Maple Vanilla Overnight Protein Oats

Discover the joy of overnight oats with this delicious Maple Vanilla Overnight Protein Oats recipe! Perfect for busy mornings, these oats offer a nutritious breakfast option packed with fiber and protein. Learn how to create your creamy mixture with rolled oats, Greek yogurt, and protein powder, allowing for endless customization to suit your taste. Enjoy the delightful flavors of maple and vanilla while fuel your day with this simple and satisfying meal.

Ingredients
  

1 cup rolled oats

2 cups unsweetened almond milk (or milk of your choice)

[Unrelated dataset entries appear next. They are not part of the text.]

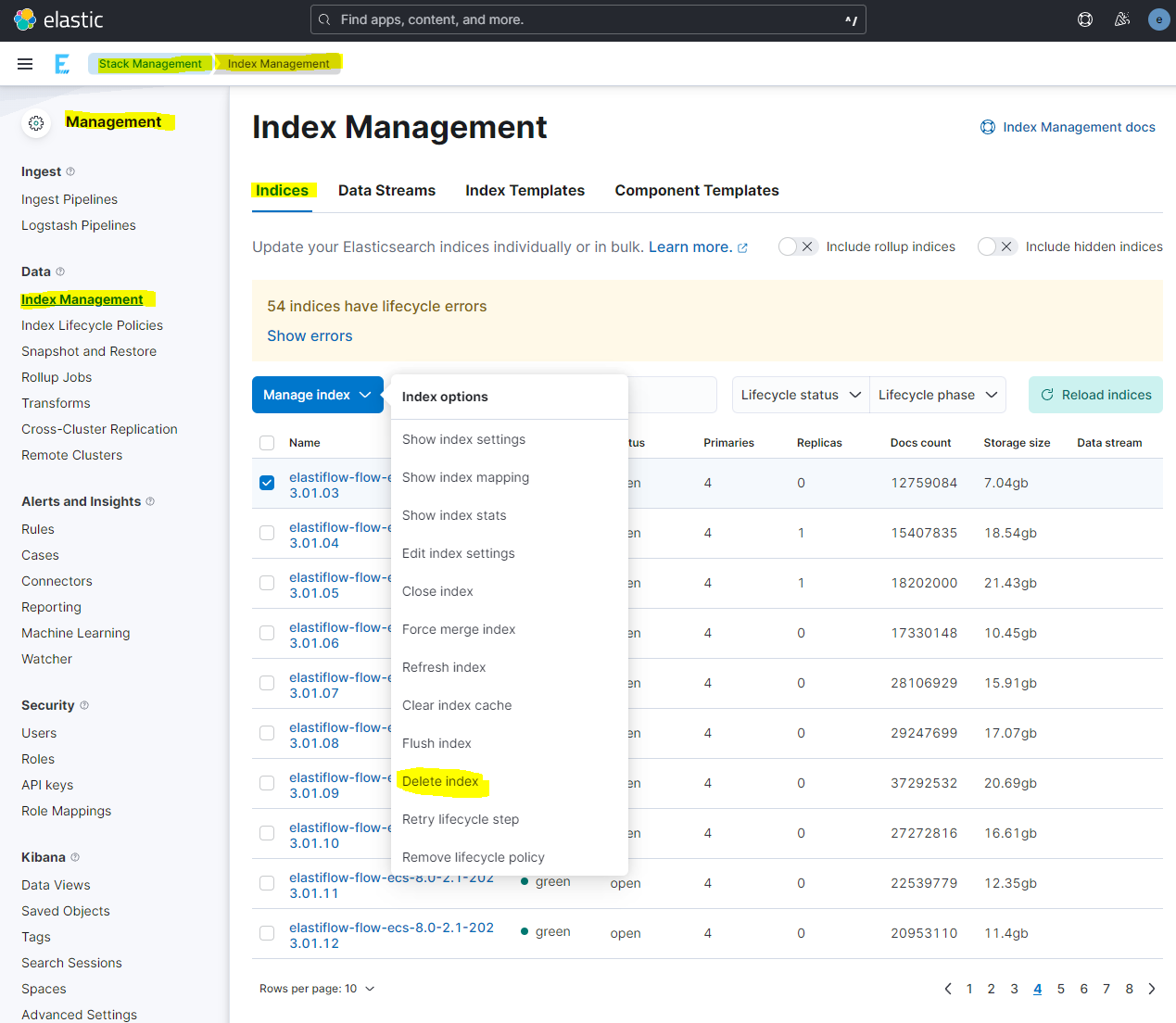 image Select the Index you wish to delete; in this example we will be deleting the oldest index from 2022-12-20
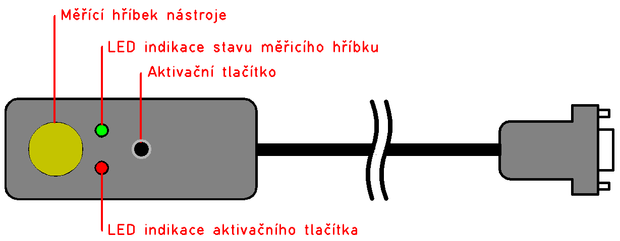 Senzor GTS3 je vybaven zelenou a červenou indikační LED, tlačítkem pro ovládání měření a měřícím hříbkem nástroje.
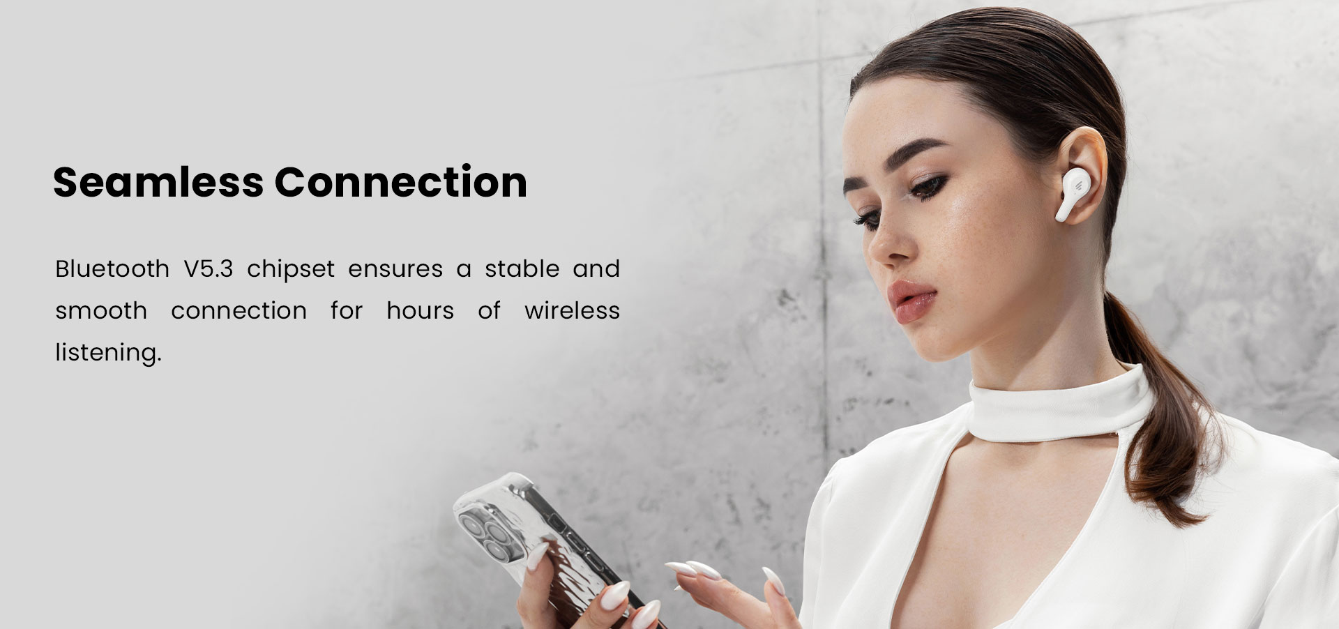 Bluetooth 5.3 technology provides a smooth connection for hours of wireless listening
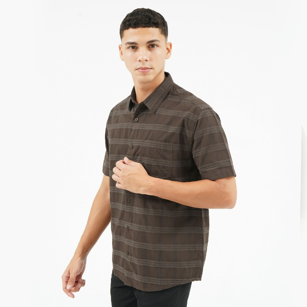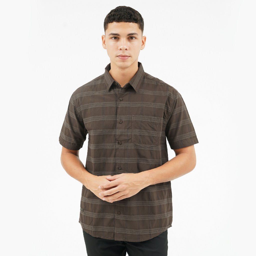 KEMEJA PRIA CRESSIDA KEMEJA CASUAL SLIMFIT MEN BROWN LENGAN PENDEK - HMKBS.UB499X ORIGINAL MALL
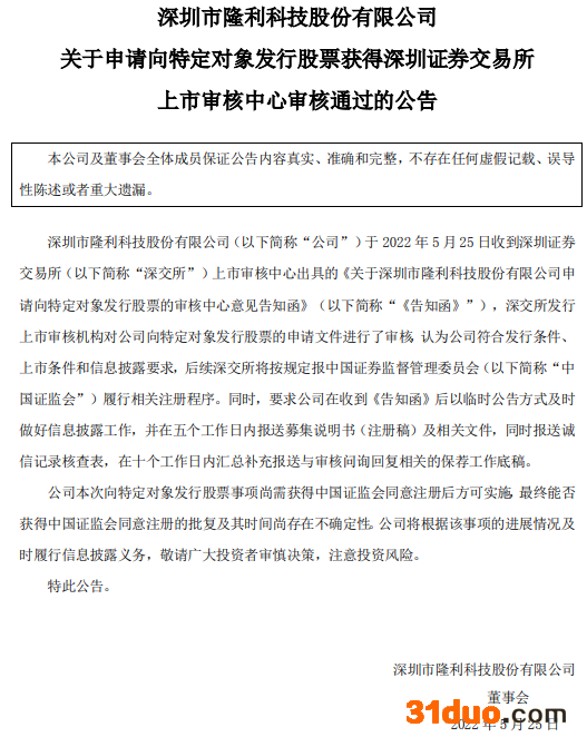 中国经济网北京5月26日讯 隆利科技(300752.SZ)昨日晚间发布公告,公司申请向特定对象发行股票获得深圳证券交易所上市审核中心审核通过。
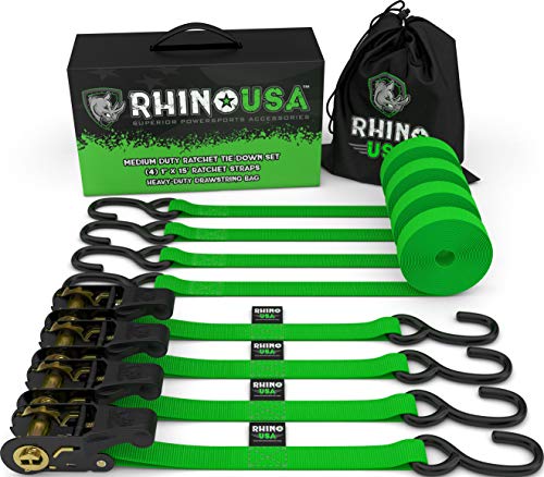 RHINO USA Ratchet Tie Down Straps (4PK) – 1,823lb Guaranteed Max Break Strength, Includes (4) Premium 1″ x 15′ Rachet Tie Downs with Padded Handles. Best for Moving, Securing Cargo (GREEN)
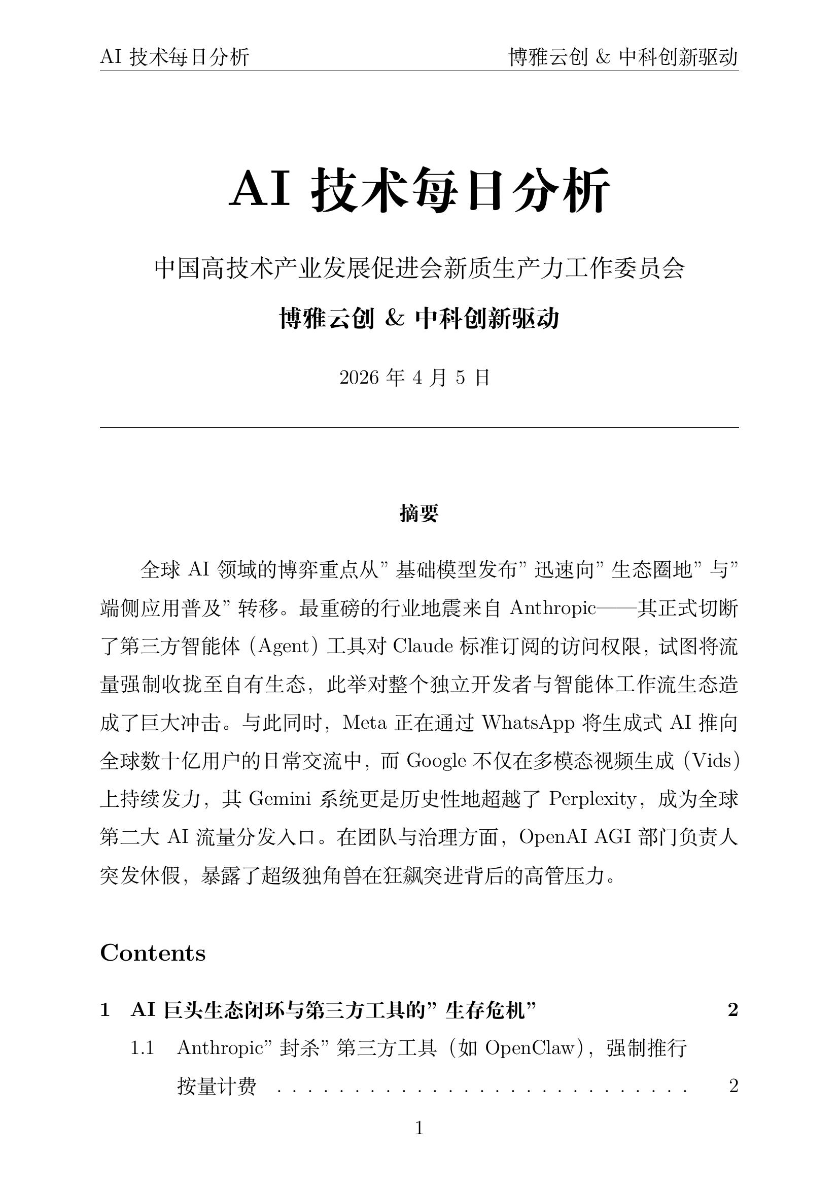 这无疑是过去24小时内AI开发者和重度用户圈层中最具争议的事件。当地时间4月4日,Anthropic正式开始阻止包括OpenClaw("龙虾")在内的第三方接入工具访问Claude的订阅服务。这意味着,对于那些习惯使用AI智能体平台搭建自动化工作流(例如进行高频的新闻聚合、文章智能编辑、全网信息实时检索与结构化处理)的用户而言,他们必须放弃固定成本的月度订阅套餐,转向按Token计费的API模式。
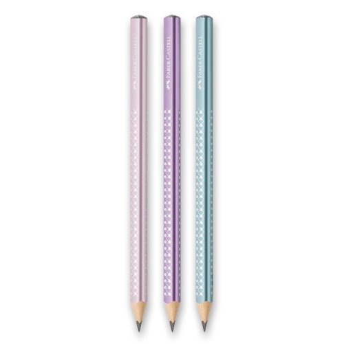 Kvalitná grafitová ceruzka Faber-Castell Sparkle Jumbo s perleťovo lesklým povrchom as glitrovou povrchovou úpravou vo veľkosť Jumbo. Ergonomický trojhranný tvar. Ľahké, FSC certifikované drevo. Špeciálna SV technológia vglejovania zamedzuje lámaniu tuhy pri páde ceruzky na zem. Tvrdosť tuhy B.
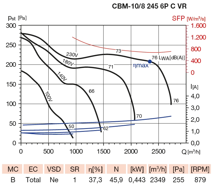 CBM-10/8 245 6P C VR IP44 centrifugal fanSpeciální radiální ventilátory
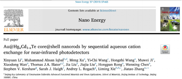 团队在Au@HgxCd1-xTe金属/碲化物半导体核壳纳米棒的精准合成基础上,基于壳层材料的窄带隙特点以及Au纳米棒的表面等离子体共振效应,实现连续可调的可见光-近红外吸收特性。与国家纳米中心谢黎明研究员团队(光电探测器件表征)、英国曼彻斯特大学Sarah J. Haigh教授(高分辨STEM表征)、香港城市大学Andrey L. Rogach教授(海外名师计划资助)合作,利用石墨烯高载流子迁移率的特点,实现了石墨烯/Au@HgxCd1-xTe纳米棒光电器件的合成。所合成的器件实现了可见光到近红外宽波段(550-1300 nm)的高光响应效率(~106 A/W)。展示了其在红外光电探测领域方面的应用价值。相关工作以“Au@HgxCd1-xTe core@shell nanorods by sequential aqueous cation exchange for near-infrared photodetectors”为题发表在Nano Energy 杂志上(2019, 57, 57-65)。李欣远博士研究生为论文第一作者。
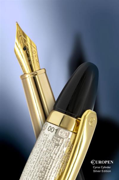 - قلم منشور کوروش به شکلی منحصر به فرد و با متن و فرم مینیاتوری منشور حقوق بشر کوروش کبیر روی درب قلم که نقره است ساخته شده است.
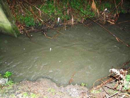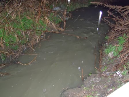 Στην αποξηραντική τάφρο στην οποία καταλήγουν τα όμβρια ύδατα όλων των φρεατίων της Αλεξάνδρειας βρεθήκαμε λίγο μετά τις 11 το βράδυ της Κυριακής.
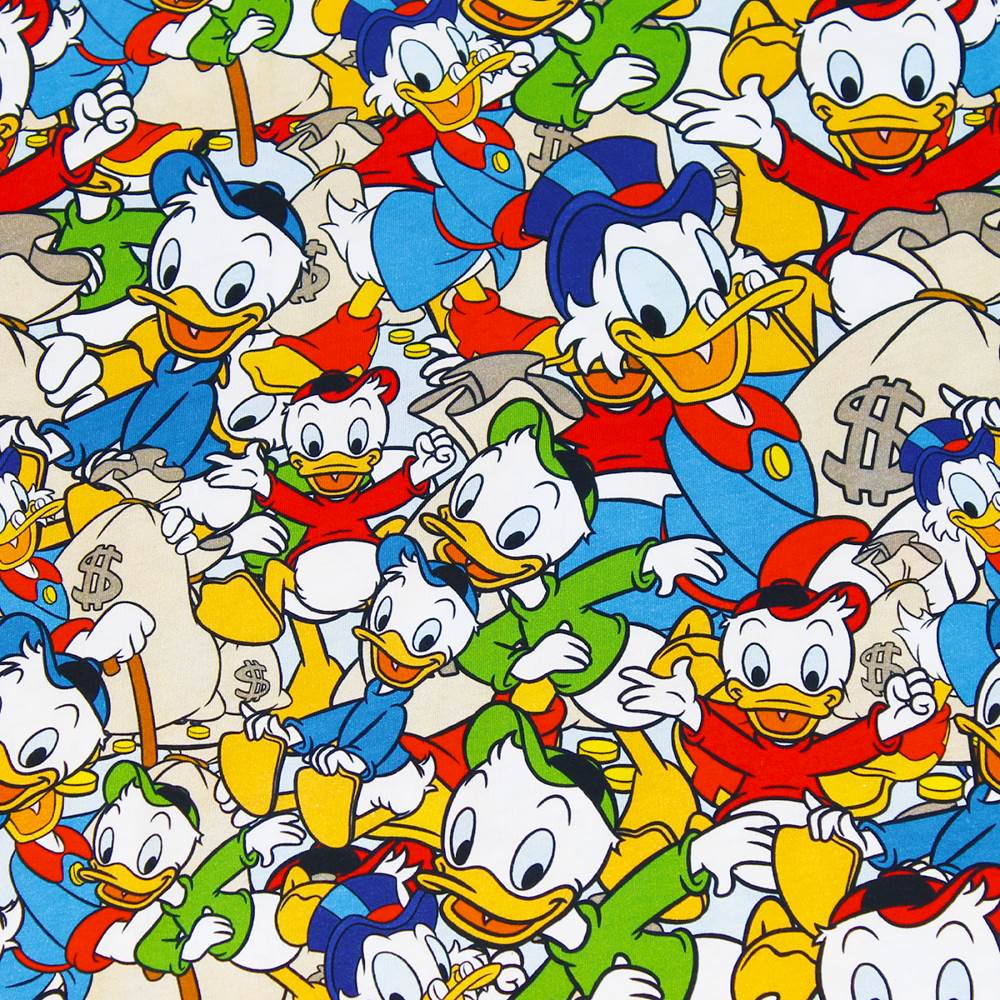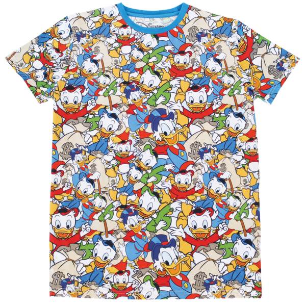 “The whole DuckTales squad is here in our classic all-over print featuring Huey, Dewey, and Louie in action.”
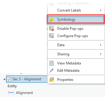 Another way to do so is to right-click the Alignment feature layer and select Symbology.

1 scoop vanilla protein powder

2 tablespoons pure maple syrup

1 teaspoon vanilla extract

1/2 teaspoon ground cinnamon

1/4 cup Greek yogurt (optional for extra creaminess)

Pinch of salt

Toppings: Fresh berries, chopped nuts, banana slices, or additional maple syrup

Instructions
 

Combine Dry Ingredients: In a medium mixing bowl, add the rolled oats, vanilla protein powder, ground cinnamon, and a pinch of salt. Stir well to combine.

    Mix Wet Ingredients: In a separate bowl, whisk together the almond milk, maple syrup, vanilla extract, and Greek yogurt (if using) until smooth and well-blended.

      Combine Mixtures: Pour the wet ingredients into the bowl with the dry ingredients. Stir until all the oats are well-coated in the liquid mixture.

        Refrigerate: Transfer the mixture into individual jars or containers with lids. Seal them tightly and place them in the refrigerator overnight (or at least for 4 hours) to allow the oats to absorb the liquid and soften.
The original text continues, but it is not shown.